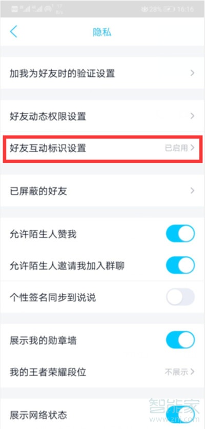 4、然后在此页面内点击“好友互动标识”功能选项。
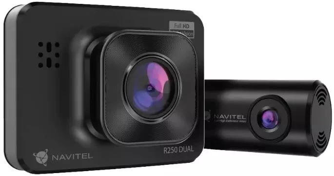 NAVITEL R250 DUAL is a new modern compact dashcam with an additional rearview camera.
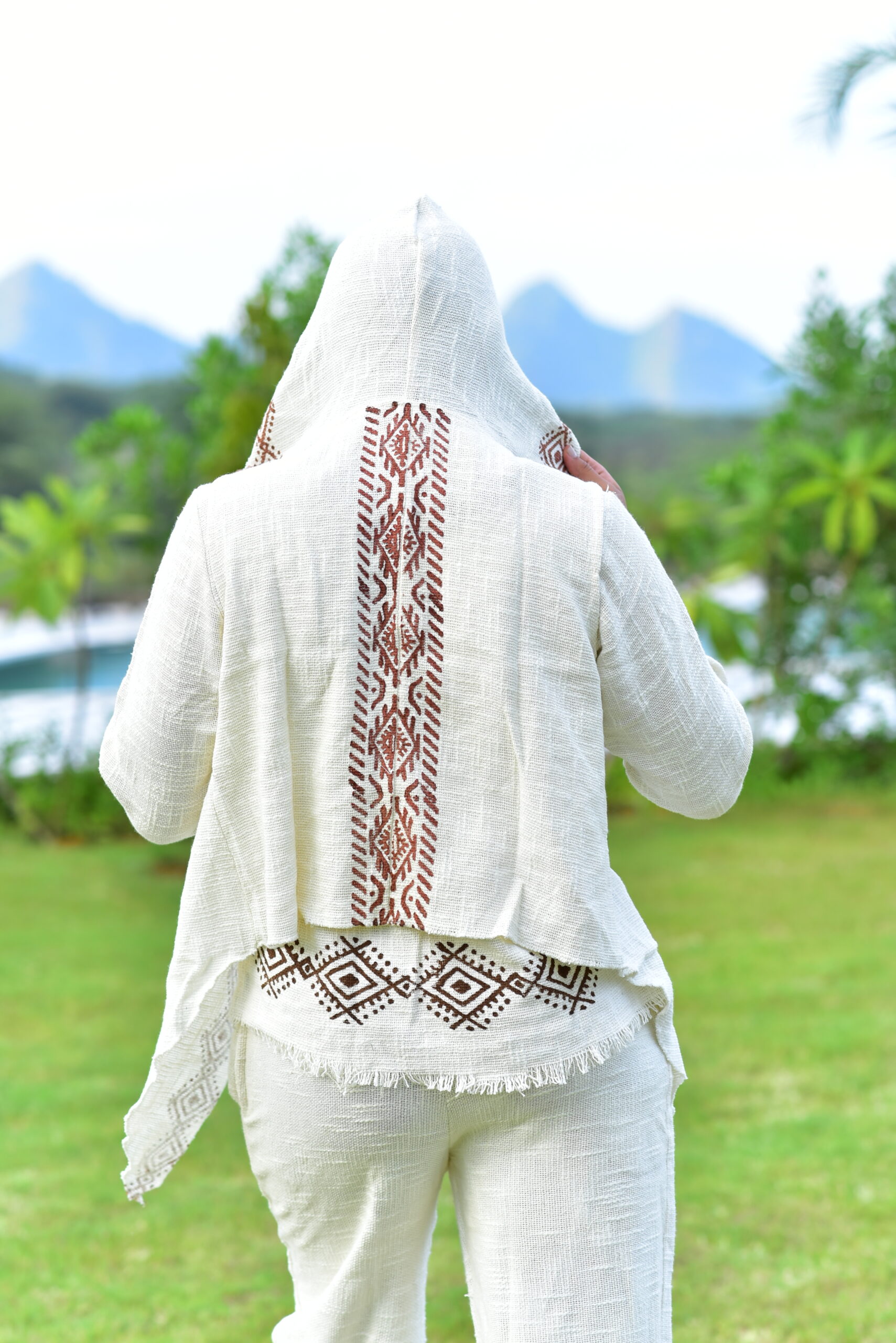 Embrace artisanal comfort with this distinctive Hemp Cotton Cord Set. This two-piece ensemble features a unique hooded long sleeve top and matching two-pocket pajama trousers, both adorned with intricate geometric block print patterns. Crafted from a sustainable Hemp Cotton blend, this set offers a wonderfully soft texture and an artistic touch, perfect for relaxed yet refined living.
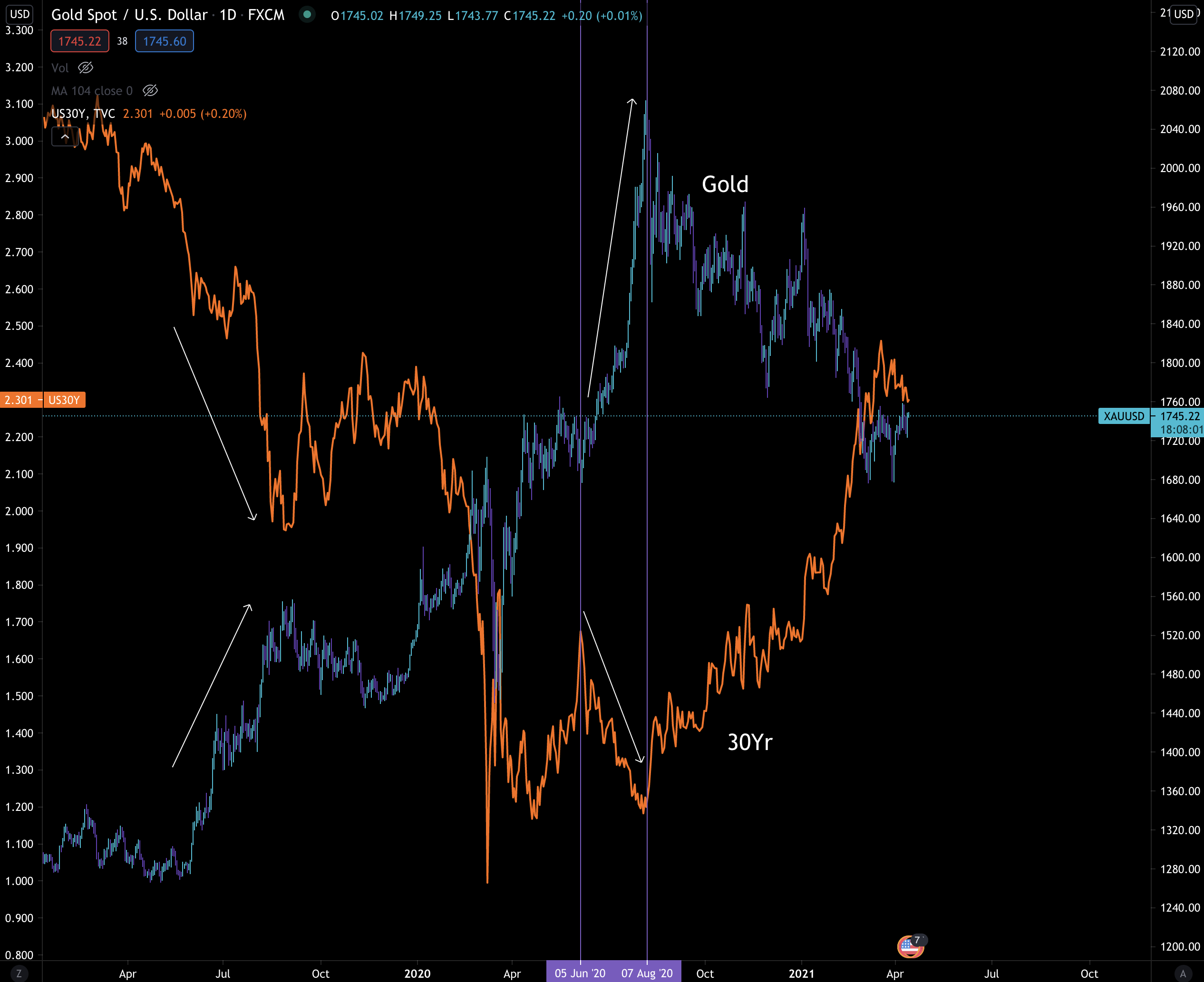 To figure out why that’s the case we can lean on a gold versus 30yr yield chart.
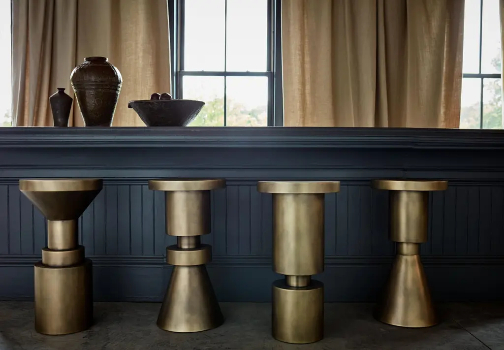 Taking their cue from the original Chess Stool Series, these forms have been elongated to serve as larger pieces within a room. Perfect for counter height use and made to work in series or alone. Metal stools are made from cold rolled steel, brass plated and finished with a hand rubbed patina. Wood stools are hand-turned, finished and sealed with water-resistant lacquer.Metal is a naturally porous material so variations and imperfections are part of the stools character making each one unique.Please note lead times for customized orders may vary. Details upon request. Rush orders can sometimes be accommodated. Please contact us for more details.
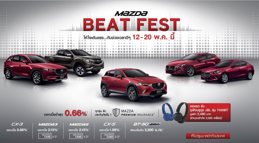มาสด้าแรงต่อ เดือนพฤษภาคมโตอีก 23% โดยมีรถยนต์รุ่นต่อไปนี้ เป็นตัวกระตุ้นให้ยอดขายทะลุเป้า Mazda 2 , Mazda 3 ,Mazda CX-3 ,Mazda CX-5 ,Mazda BT-50,Mazda MX-5
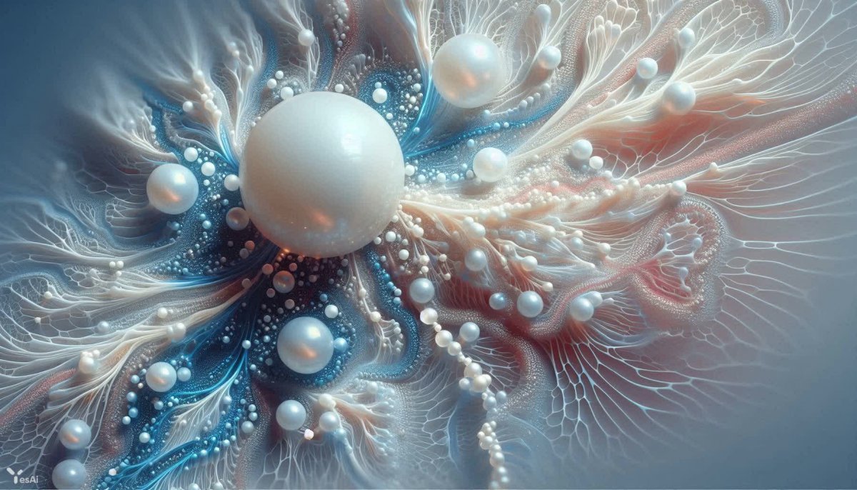 dalle Белый кисель: сюрреалистичная абстракция в 4D и акварели с жемчужными каплями. Картинка из нейронной сети Dalle
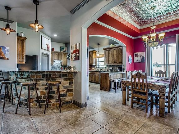 Beautiful home on oversized corner lot complete with wrought iron fence and electric gate. This home once was a builders model home, and was built with lots of custom features. You will love the open floorplan that is very inviting with all the arched doorways, tall ceilings, custom built-ins, oversized kitchen with huge island, decorative lighting, abundance of storage, walk in closets thru out, wine fridge, beautiful wood building fireplace, tons of windows, incredible master bath with jetted tub, over - sized walk in shower, his and hers separate vanities and storm ceiler just to list a few. Sit on the covered back porch and enjoy the spacious back yard with mature trees. It's definitely one of a kind! 2021-09-30
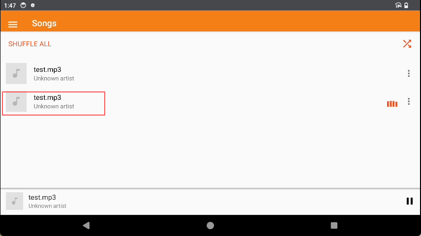 Android system comes pre-installed with a music player, and audio files can be played by following the steps below:
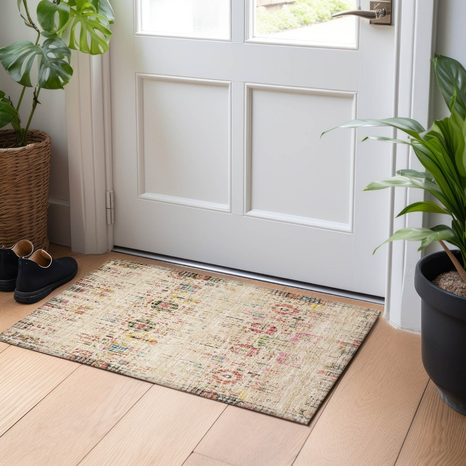 Piper Looms Chantille Border ACN1734 Beige Machine Washable Area Rug
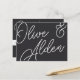 Designed to match our Black & White Oversized Script wedding invitations, this elegant typography based RSVP postcard is perfect for traditional mail-in RSVPs. Personalize with your desired RSVP date and custom accept and decline wording in classic serif lettering. Our Ash colorway makes a classic statement with crisp white lettering on a soft black background.
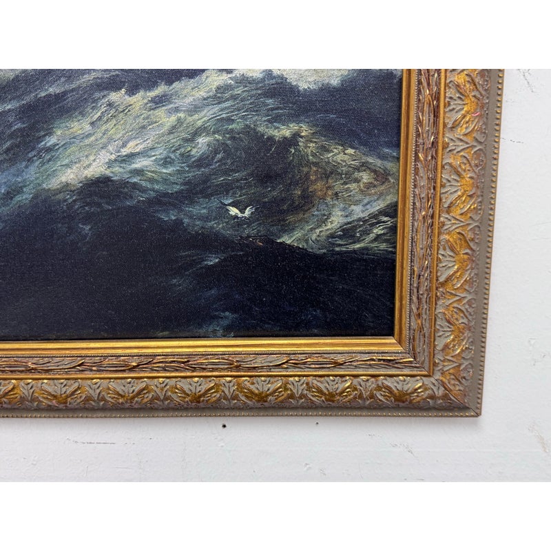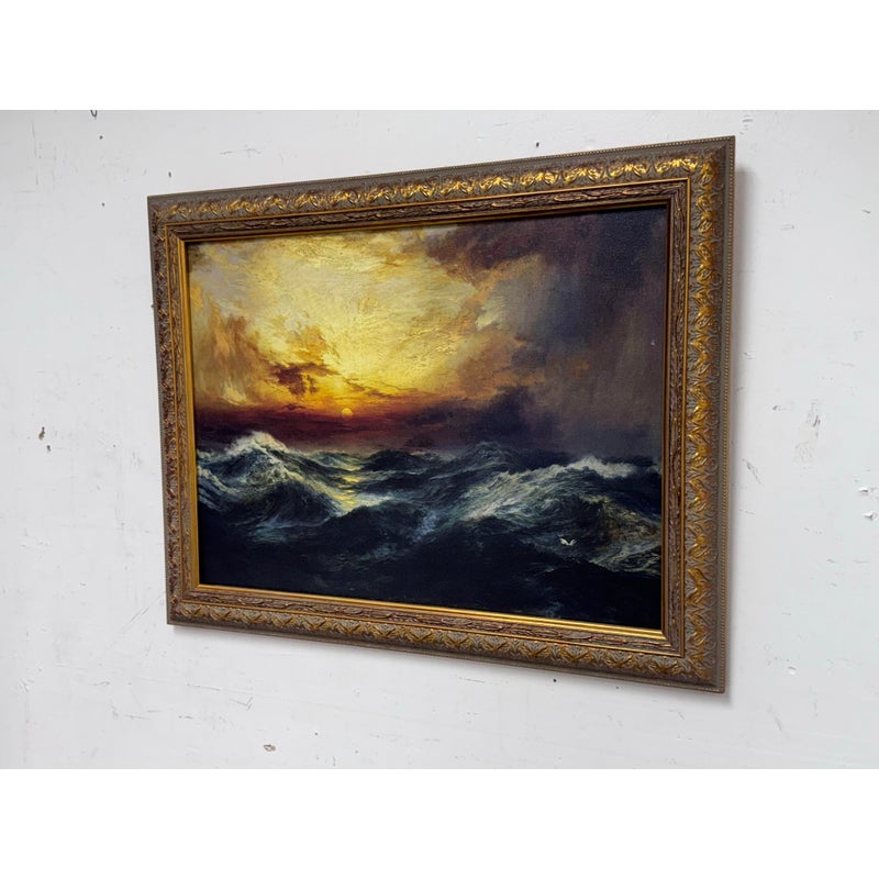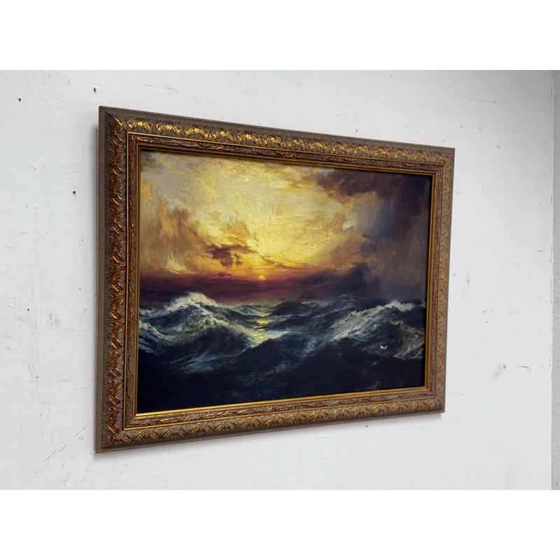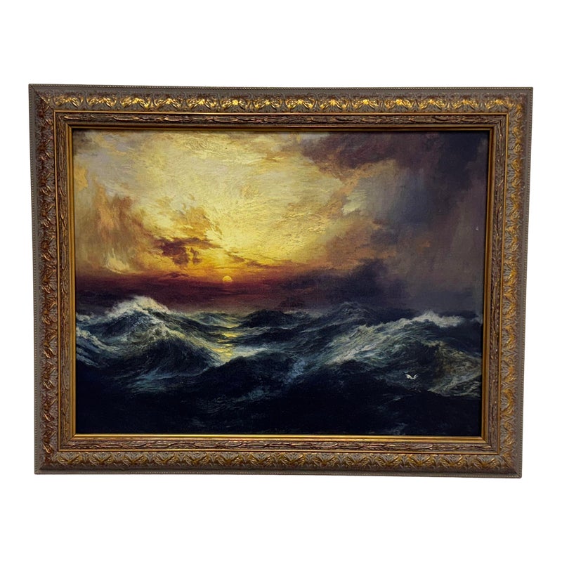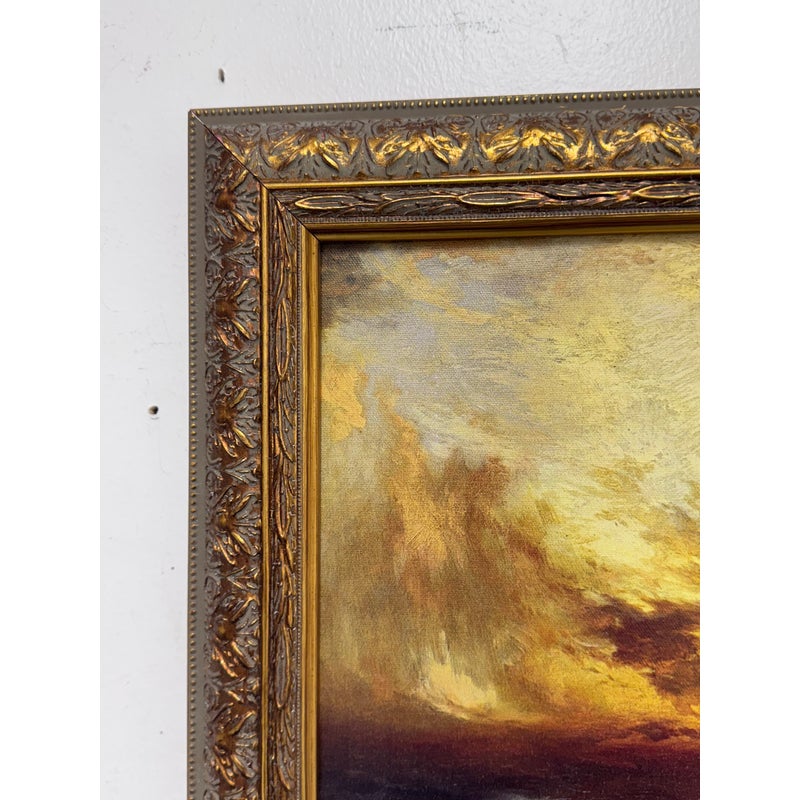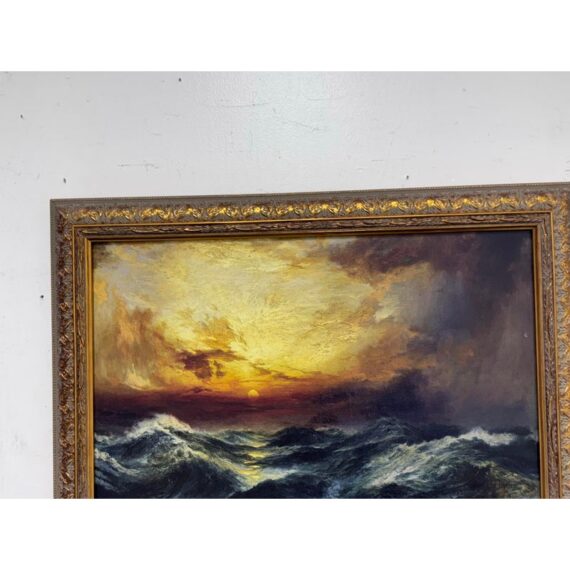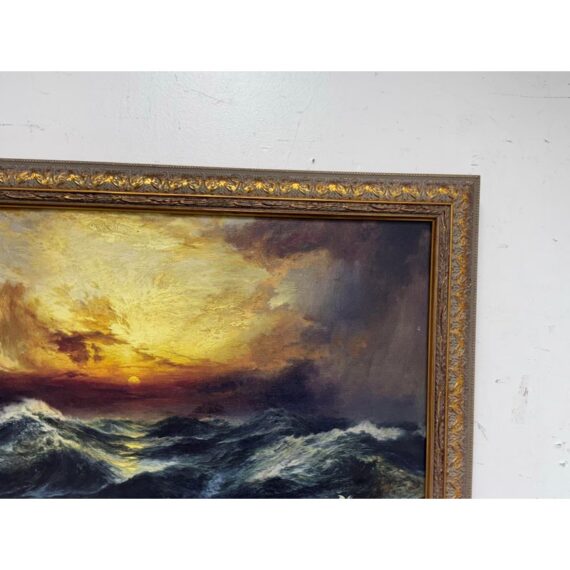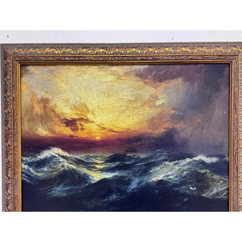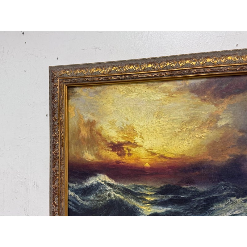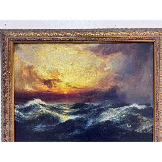 Design Plus Gallery presents a Print of “Sunset After a Storm” Created in 1901 by Thomas Moran. This particular print falls under the marina and cloudscape genres. In the artwork, the sun is depicted setting behind a mass of vivid, towering clouds. The sky is ablaze with shades of gold, orange, and crimson, conveying the remnants of a storm. The waves, painted with great detail, rise and fall with a sense of both tumult and calm, reflecting the golden hues of the sunset in certain crests. The turbulent sea and the glowing sky create a striking contrast, illustrating nature’s raw and awe-inspiring beauty. This magnificent portrayal evokes a sense of tranquillity and majesty, capturing a sublime moment where the storm has left its mark, but peace is beginning to settle over the ocean. Is in good condition for its usage.

What the task requires: Give back the listing unchanged. Strip out the pictures.

Response:
 4、然后在此页面内点击“好友互动标识”功能选项。
 NAVITEL R250 DUAL is a new modern compact dashcam with an additional rearview camera.
 Embrace artisanal comfort with this distinctive Hemp Cotton Cord Set. This two-piece ensemble features a unique hooded long sleeve top and matching two-pocket pajama trousers, both adorned with intricate geometric block print patterns. Crafted from a sustainable Hemp Cotton blend, this set offers a wonderfully soft texture and an artistic touch, perfect for relaxed yet refined living.
 To figure out why that’s the case we can lean on a gold versus 30yr yield chart.
 Taking their cue from the original Chess Stool Series, these forms have been elongated to serve as larger pieces within a room. Perfect for counter height use and made to work in series or alone. Metal stools are made from cold rolled steel, brass plated and finished with a hand rubbed patina. Wood stools are hand-turned, finished and sealed with water-resistant lacquer.Metal is a naturally porous material so variations and imperfections are part of the stools character making each one unique.Please note lead times for customized orders may vary. Details upon request. Rush orders can sometimes be accommodated. Please contact us for more details.
มาสด้าแรงต่อ เดือนพฤษภาคมโตอีก 23% โดยมีรถยนต์รุ่นต่อไปนี้ เป็นตัวกระตุ้นให้ยอดขายทะลุเป้า Mazda 2 , Mazda 3 ,Mazda CX-3 ,Mazda CX-5 ,Mazda BT-50,Mazda MX-5
 dalle Белый кисель: сюрреалистичная абстракция в 4D и акварели с жемчужными каплями. Картинка из нейронной сети Dalle
 Beautiful home on oversized corner lot complete with wrought iron fence and electric gate. This home once was a builders model home, and was built with lots of custom features. You will love the open floorplan that is very inviting with all the arched doorways, tall ceilings, custom built-ins, oversized kitchen with huge island, decorative lighting, abundance of storage, walk in closets thru out, wine fridge, beautiful wood building fireplace, tons of windows, incredible master bath with jetted tub, over - sized walk in shower, his and hers separate vanities and storm ceiler just to list a few. Sit on the covered back porch and enjoy the spacious back yard with mature trees. It's definitely one of a kind! 2021-09-30
 Android system comes pre-installed with a music player, and audio files can be played by following the steps below:
 Piper Looms Chantille Border ACN1734 Beige Machine Washable Area Rug
 Designed to match our Black & White Oversized Script wedding invitations, this elegant typography based RSVP postcard is perfect for traditional mail-in RSVPs. Personalize with your desired RSVP date and custom accept and decline wording in classic serif lettering. Our Ash colorway makes a classic statement with crisp white lettering on a soft black background.
 Design Plus Gallery presents a Print of “Sunset After a Storm” Created in 1901 by Thomas Moran. This particular print falls under the marina and cloudscape genres. In the artwork, the sun is depicted setting behind a mass of vivid, towering clouds. The sky is ablaze with shades of gold, orange, and crimson, conveying the remnants of a storm. The waves, painted with great detail, rise and fall with a sense of both tumult and calm, reflecting the golden hues of the sunset in certain crests. The turbulent sea and the glowing sky create a striking contrast, illustrating nature’s raw and awe-inspiring beauty. This magnificent portrayal evokes a sense of tranquillity and majesty, capturing a sublime moment where the storm has left its mark, but peace is beginning to settle over the ocean. Is in good condition for its usage.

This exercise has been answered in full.